Худо было мне, люди, худо…
Но едва лишь начну про это,
Люди спрашивают — откуда,
Где подслушано, кем напето?
Дуралеи спешат смеяться,
Чистоплюи воротят морду…
Как легко мне было сломаться,
И сорваться, и спиться к черту!
…Сколько раз на меня стучали
И дивились, что я на воле,
Ну, а если б я гнил в Сучане,
Вам бы легче дышалось, что ли?
«Мародер»… Кстати, а не обозвать ли нам так же и Николая Васильевича Гоголя и Льва Николаевича Толстого, из которых один завладел свиткой пасечника Рудого Панька, а другой и вовсе укрылся под шкурой пегого мерина Холстомера? И стало быть, есть причина, причем эстетическая, для Галича лестная, по какой опытнейший драматург, сам примеривший множество обликов, говорит не только гнусность, но — несуразность.

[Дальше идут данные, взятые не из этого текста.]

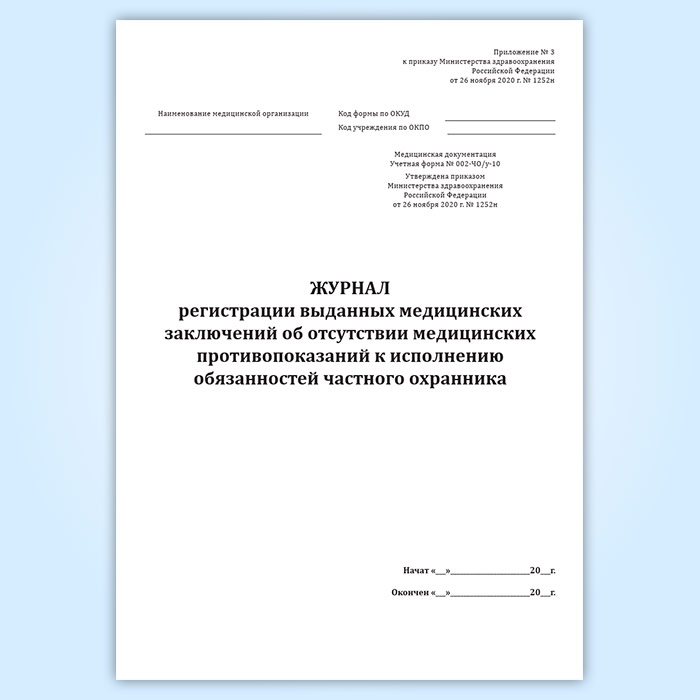 Журнал регистрации выданных медицинских заключений об отсутствии медицинских противопоказаний к исполнению обязанностей частного охранника (учетная форма № 002-ЧО/у-10) в Улан-Удэ купить

Потому что в данном случае грубое: «Мародер!» обозначает признание: художник! И это уже его право, интеллигента, поэта — традиционное, трудное право — испытывать как бы неловкость из-за того, что он заставил верить себе. (А что такое тот ляпсус эмигрантских издателей, как не доверие к силе воображения и сострадания?) И стесняться даже славы своей — будто его в самом деле принимают за кого-то другого:
Непричастный к искусству,
Не допущенный в храм,
Я пою под закуску
И две тысячи грамм.
Что мне пениться пеной
У беды на краю?!
Вы налейте по первой,
А уж я вам спою!
А уж я позабавлю,
Вспомню Мерю и Чудь!
И стыда ни на каплю,
Мне ж не стыдно ничуть!
Спину вялую сгорбя,
Я ж не просто хулу,
А гражданские скорби
Сервирую к столу.
Какой безжалостный автопортрет!
Кому-то — даже из тех, кто знал Галича при жизни, знал красивым, крупным, артистично-аристократичным, — может показаться странным, что он был неуверен в себе. По крайней мере — бывал.

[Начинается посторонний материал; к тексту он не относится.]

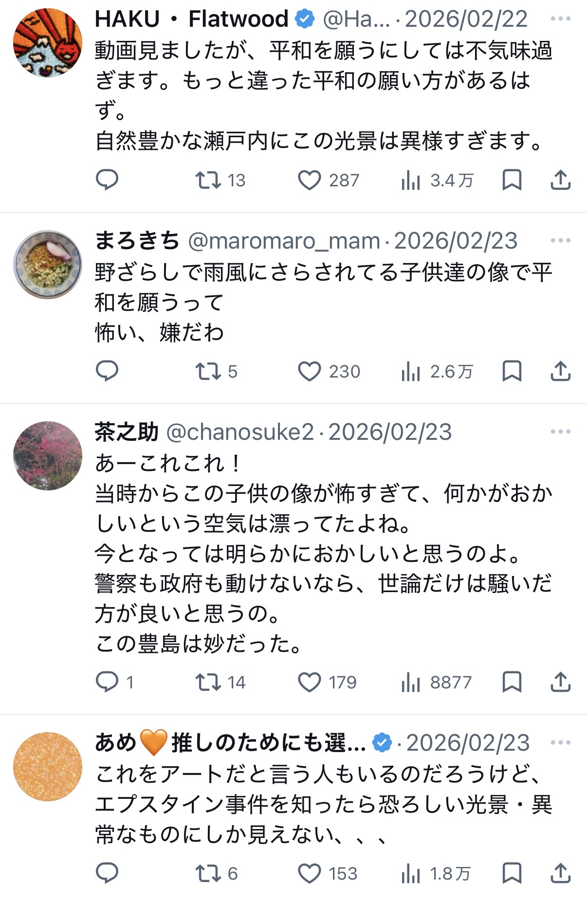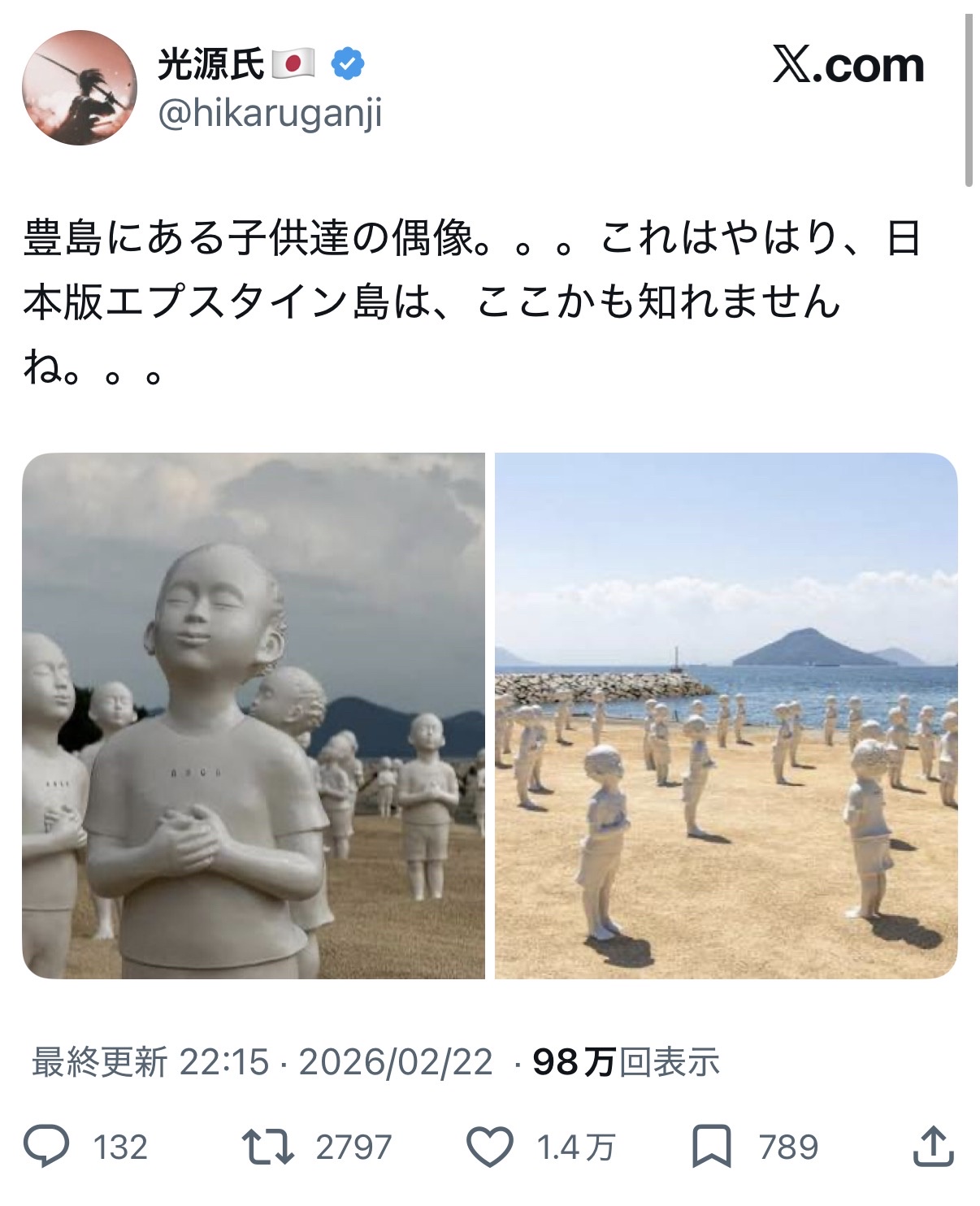 豊島にある子供達の偶像。。。これはやはり、日本版エプスタイン島は、ここかも知れませんね。。。 pic.twitter.com/v6VosDhVqc

Знал себе цену, догадывался о ней, но…
Однажды в его доме, в шумной компании (других почти не бывало: «Приходите, ребята! Сельдя заколем!» — был его телефонно-зазывный клич), Галич вдруг принялся восхвалять книжку соседа, стихотворца К., мастеровитого пустозвона. Я, зная и книжку, и самого стихотворца, смолчал, но к концу вечера, когда Саша уже отпел свое и застолье превратилось в то, во что превращаются все застолья, в дружелюбный и бессмысленный гомон, сказал ему на ухо:
— Ну, признавайся! Ведь ты потому так расхваливал этого К. …
Да что уж теперь скрывать: Якова Козловского.
— …Потому так расхваливал, что прочел книжку и испугался: «Я так не умею!»
И он ответил покаянным шепотом:
— Точно!
Не вспомнить ли и еще нечто — почти забавное?
В свою благополучную пору Галич живал в Париже — и не кратким туристским наездом, а основательно, будучи со-сценаристом советско-французского (ужасного!) фильма о Мариусе Петипа. И среди рассказов о пребывании там, обычно перебиваемых Нюшей («Давай, давай, расскажи про своих мидинеток!..» — знала, что говорила), был такой.
Вообразим: ресторан… Не упомню, какой именно, но известный, облюбованный русскими эмигрантами первой, белой волны. Кто-то из «бывших наших» пригласил туда Галича, и тот, подсев под конец к пианино, наиграл и напел что-то из своего. Твердо помню, что, в частности, песню о Полежаеве: «Тезка мой и зависть тайная… Зависть тайная, летальная…» После чего к нему подошел очень красивый старик, сказал нечто лестное и удалился.
— Кто это? — спросил Галич.
— Феликс, — ответили ему с такой интонацией, словно плечами пожали: сам, что ль, не догадался?
— Какой Феликс? — в свою очередь глупо спросил я.
— Юсупов, — потупился Галич.
И лишь потом, случайно узнав, что убийца Распутина, страдая психическим заболеванием, в эти годы не покидал квартиры, я понял: выдумал! И как восхитительно выдумал!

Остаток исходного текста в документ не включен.